When Should I Change My Air Conditioner's Air Filter at Home?

February 26, 2015

Every once in a while we’re asked what is the most important thing that Houston area homeowner's can do to maintain their air conditioning and heating system between their scheduled tune-ups? The answer is simple this; remember to change the heating and air conditioning air filter. Replacing furnace and return air filters is extremely important to the proper performance of your HVAC system, not to mention your home's air quality. Did you know indoor air pollution is among the top five environmental health risks? We know it's the last thing on your mind, but this is really important stuff. Changing the air filters is not a tough thing to do for most Houston homeowners, but there are often two challenges to actually accomplishing this task:

  1. Understanding just how often to swap out your furnace or air conditioner filter.
  2. Replacing them at the proper time.

When To Change Your Air Filters

Most filters have a printed "expiration" date on the wrapping. It may say "Lasts up to 3 months" or "Change filter every 90 days". Pay attention at the store and you'll see that some are designed to only last one month, while other manufacturers (like Honeywell) have produced media air cleaners with filters meant to be changed once every 6-12 months. The standard seems to be once every three months for most higher quality filters, but we have a rule of thumb that we recommend our readers to go by. If the filter is dirty, change it! A dirty air filter can exacerbate or cause damage to pricey components, like your compressor, so it's best to change it out more often than neglect it. If you want to listen to the manufacturer's recommended limit, we suggest marking the date on the filter when you swap it out, and adding a reminder for yourself in your phone or on a calendar. Also note that your filter manufacturer sometimes has a different recommendation from your HVAC equipment manufacturer.

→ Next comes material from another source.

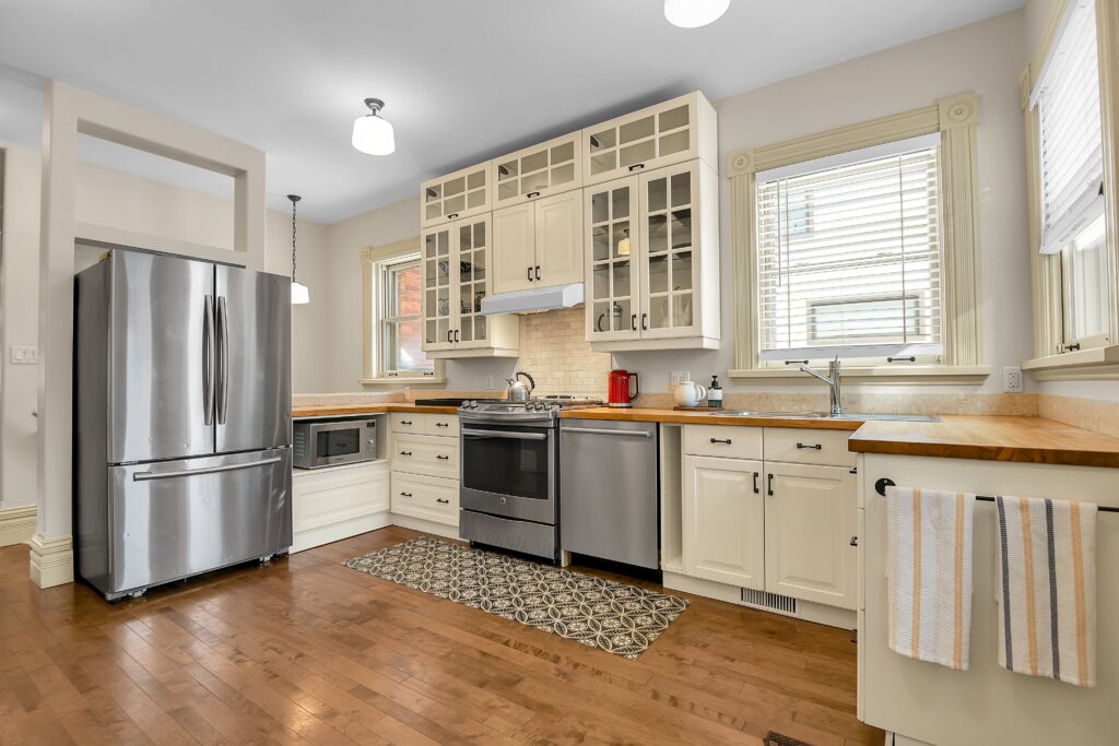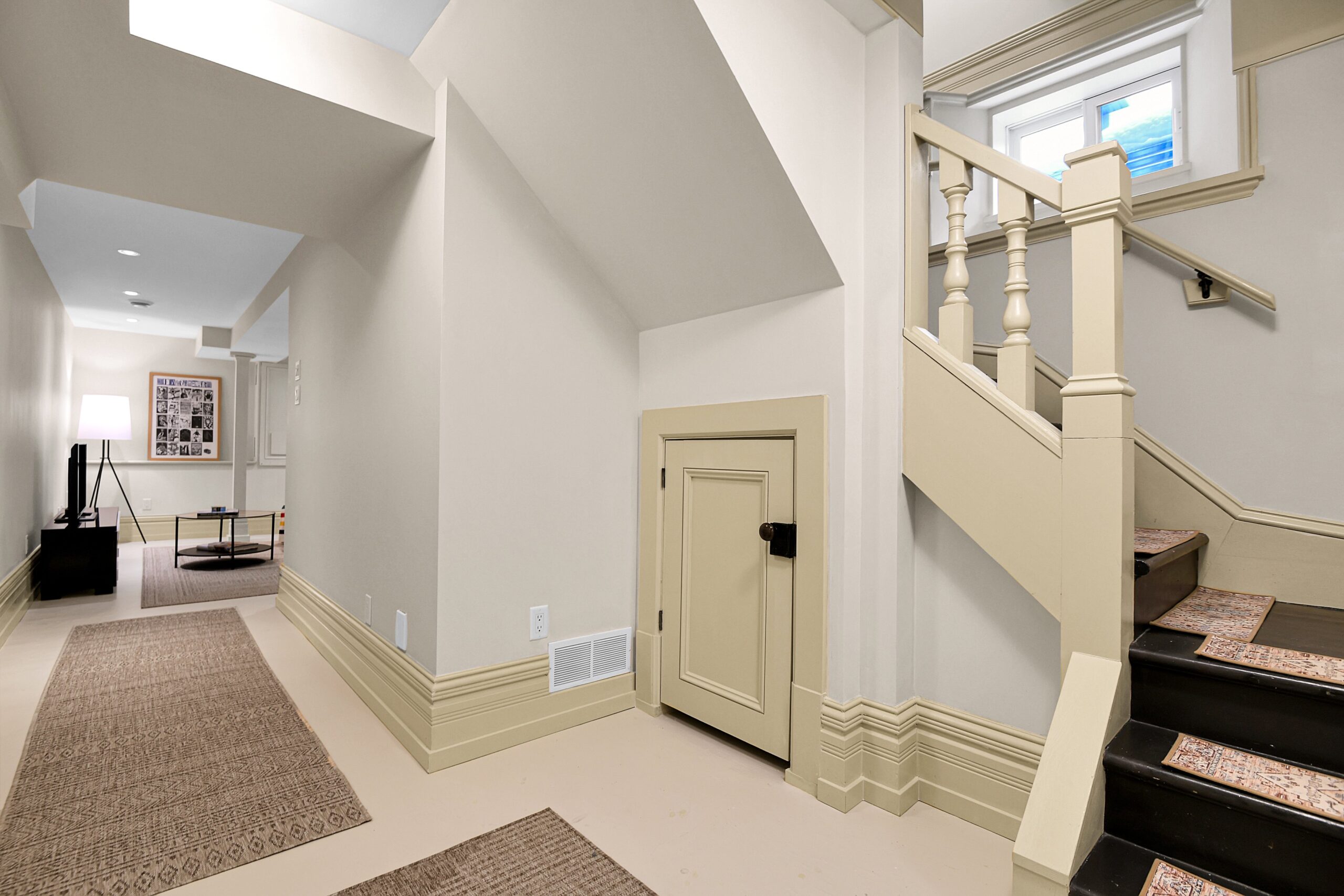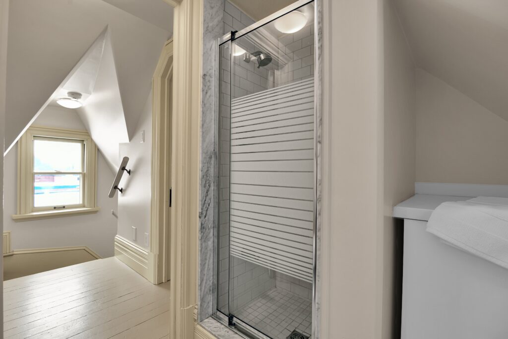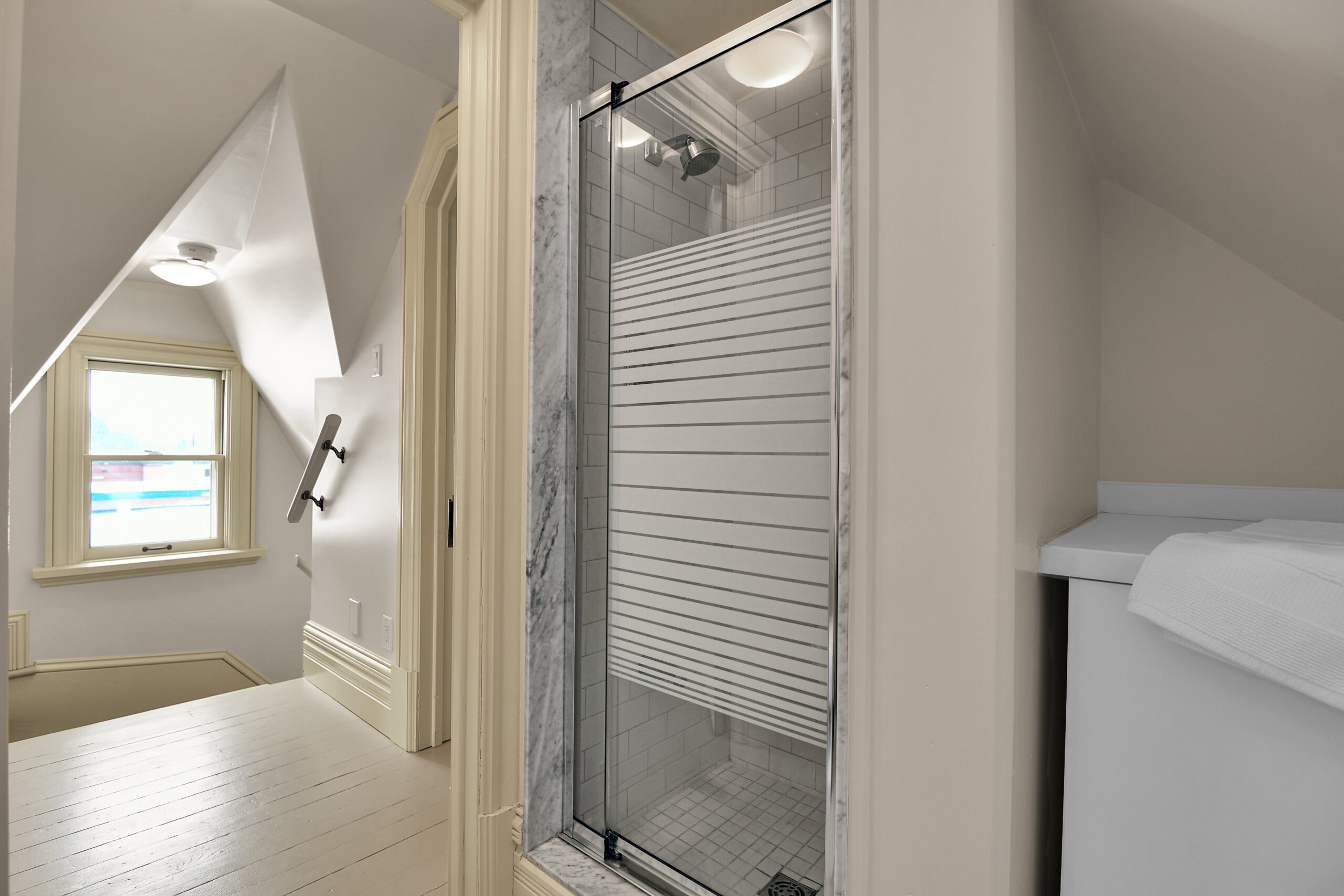 Inside, the home offers a rare combination of historic craftsmanship and modern infrastructure. The original staircase and handrails have been restored, complemented by custom solid-core interior doors, trims, and baseboards reproduced from original profiles found on site. Engineered hardwood floors grace the main level, while the original pine floors have been restored and reinstalled on the second and third levels. Comfort and efficiency were central to the renovation. Original hot water radiators were replaced with a modern forced-air heating and cooling system, supplemented by electric underfloor heating in both second-level bathrooms. Custom wood double-hung windows and new window sills on the east side further enhance performance and authenticity.

Figuring out how often to change your air filters hinges on several factors:

  • Type of filter your A/C system requires
  • The overall air quality of your Houston area home
  • Pets – Cats, dogs, birds, etc.
  • Occupancy of the home
  • The level of air pollution and construction around the home

For your typical 1"-3" air filters, the manufacturers basically tell you to change them bi-monthly, which is in fact a great rule of thumb. But general rules aren't always for everybody. If you have to endure light to moderate allergies, you may need to upgrade the air filter or change them even more regularly than OEM specifications. On the other hand, if you're in a remote area, own a seldom occupied home (like a vacation home) or an area with few automobiles and trucks, changing your air filter every 12-months may be quite sufficient. Why do pets matter so much? They have a tendency to shed, which can clog your air filter fast. Clearly, the air filter is just doing its job by trapping pet hair and dander, but exceptionally dirty filters can cause weak HVAC performance.

In summary:

  • Seldom used home or single occupant homes without pets or allergies: Change 6-12 months
  • Common suburban home without pets: Change every 90 days
  • House with a pet: Change every 60 days
  • Multiple pets or have allergies: Change every 30-45 days

How To Remember To Change Your Air Conditioner's Air Filters

Church Services offers a simple solution; sign up for the Service Experts Email Club. When you do, you can elect to receive (or not) great email coupons and newsletters with a lot of tips and discounts on AC repairs and tune-ups. But wait… there’s more, your email subscription preferences let’s you set a reminder to change your Houston area home's air filter every 30, 60, 90, 120 or 365 days, or a specific date of your choice.

How to replace your return air filter

Most of you know how to replace the air filter in their unit, but some homes have an extra filter in the return ducts. Whether you have one or not is dependent on which HVAC system you have. Your system is engineered to handle a set amount of pressure in your home, and the more filters you have the more the blower motor works, which can shorten the life of your system if it isn't designed for it. Discovering whether you have a return filter and replacing it is easy:

  1. Locate your return air vents.
  2. Some covers have screws and some have tabs. Unscrew or pull tabs to take off the wall.
  3. Check for a filter. If one is there, pull it out and note the size.
  4. Verify the filter type is the one recommended by the manufacturer.
  5. If filter is dirty, replace with the manufacturer's recommended filter of the same size and type.
Amazing as it may seem, filters can really affect your home's airflow, which is why we recommend referring to the manufacturer. A higher quality HEPA filter that is designed to catch tinier particles will reduce airflow more than a cheaper filter. With restricted airflow comes greater pressure on your system, so you should verify that your HVAC system was built to handle it. Otherwise, you might experience reduced heating and cooling efficiency in your home, and unit parts may die off much faster than the standard.